A aderência do juiz ao precedente, segundo Cardozo, indica elementos subconscientes que agem no processo judicial. Esses estados acompanham e muitas vezes refletem concepções de Direito que seriam também adotadas pela coletividade, mesmo no caso de inexistência de normas específicas. E assim, especialmente em circunstâncias indicativas de lacunas (gaps):
(...) quando ao Direito é deixada uma situação não alcançada por uma regra jurídica pré-existente, não há nada a ser feito a não ser contar com um árbitro imparcial que declarará o que deverá ser feito por homens justos e razoáveis, que conhecem os hábitos e costumes da vida em comunidade, e que parâmetros de justiça e de negociação justa prevalecerão, o que deverá ser feito nessas circunstâncias, a partir de regras que não o costume e a consciência que guia essas condutas. A sensação que se tem é que em nove casos entre dez a conduta de razoáveis não seria diferente do comportamento previsto pela lei, se norma existisse (Cardozo, 1991, p. 143).

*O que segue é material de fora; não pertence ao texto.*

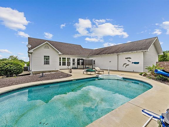 Welcome to this 4 bed (could be 6) 3 bath home in the desirable St. Francois Hills neighborhood in the Farmington School District! With over 3600 sq ft of living space, this home has it all. The living/dining area has wall of windows that overlook the inground pool area that has a gazebo and tv. There's also electric for a hot tub. The updated kitchen has solid surface counters w/a breakfast bar and center island. New appliances, light fixtures, and flooring complete the kitchen, dining, and breakfast nook. The divided floor plan has the master en suite w/tray ceiling on one side w/laundry room and the 3 car garage, while the opposite end has addt'l bedrooms and full bath. Main floor bathrooms have hands free toilets! The lower level has a kitchenette, additional bedroom, two additional rooms that are sleeping areas, office, game room, or whatever you choose w/a full bath and storage. Seller is offering a $10,000 flooring credit to update the lower level flooring to your choosing.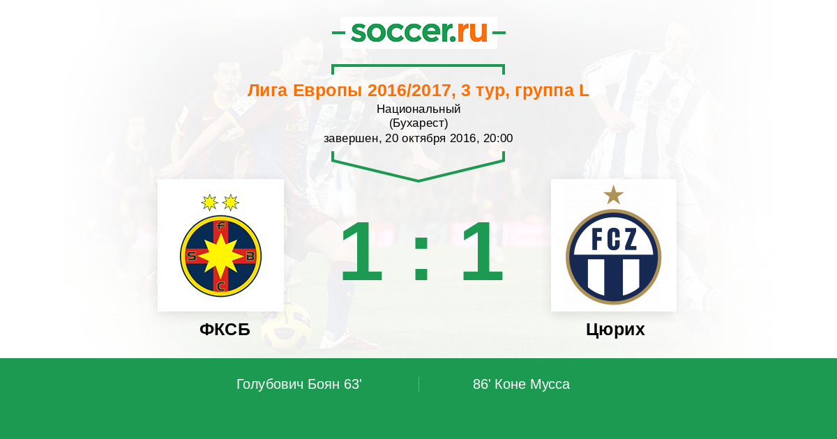 Протокол матча Стяуа против Цюрих

Há vários de se decidirem os mesmos casos levados à Justiça e é a personalidade dos magistrados que define escolhas: A excentricidades dos juízes compensam as diferenças que há entre eles. Um determinado juiz olha para os problemas a partir de um ponto de vista histórico, outro sob um prisma filosófico, um terceiro a partir da utilidade social; um deles é formalista, outro é latitudinário, um deles tem medo da mudança, outro é insatisfeito com o presente; a partir do atrito de diversas mentes alcança-se algo que tenha constância e uniformidade bem maiores do que seus componentes individuais (Cardozo, 1991, p. 177).
Cardozo aproveitava para contrabalançar também os papéis do legislador e do magistrado, dado que o legislador também é criador do direito e também a ele falta objetividade, pelas mesmas razões apontadas em relação aos juízes: Se perguntarmos como um interesse deve se sobrepor ao outro [entre legisladores e juízes], eu posso apenas responder que o juiz deve obter seu conhecimento do mesmo modo que o legislador obtém o seu, a partir da experiência, do estudo e da reflexão; em poucas palavras, a partir da vida mesmo. A escolha de método, o peso de valores, precisam ao fim ser guiados por considerações de ambos. Cada um deles está legislando nos limites de suas competências. Não há dúvida de que os limites dos juízes são mais estreitos. O juiz só legisla onde há lacunas. Ele preenche os espaços vazios que há na lei (...) Não obstante, nos limites entre os espaços livres, os precedentes e as tradições, as escolhas se movimentam com liberdade que marca a ação como criativa. O direito que se aplica não é encontrado, ele é feito. O processo, sendo legislativo, exige a sabedoria do legislador (Cardozo, in Fisher III, 1993, p. 177).
Cardozo vê no juiz atividade judicial criativa, positiva, produtora de normas, a exemplo da atividade do legislador propriamente dito, embora, em princípio, em espaço mais fechado.
Ao imputar ao juiz o papel de produtor do direito, de alguém que faz a norma, e que não a encontra, Cardozo desafia a tradição que radica em Montesquieu e que vê o magistrado apenas como a boca da lei (Montesquieu, 2004, p. 195).
Ao afirmar que há várias maneiras de se julgar um mesmo caso e que a personalidade do julgador é o termômetro das decisões que toma, Cardozo, ele mesmo um reputadíssimo magistrado, oferece a própria biografia em holocausto, para confirmar assertivas nas quais se assenta o realismo jurídico norte-americano.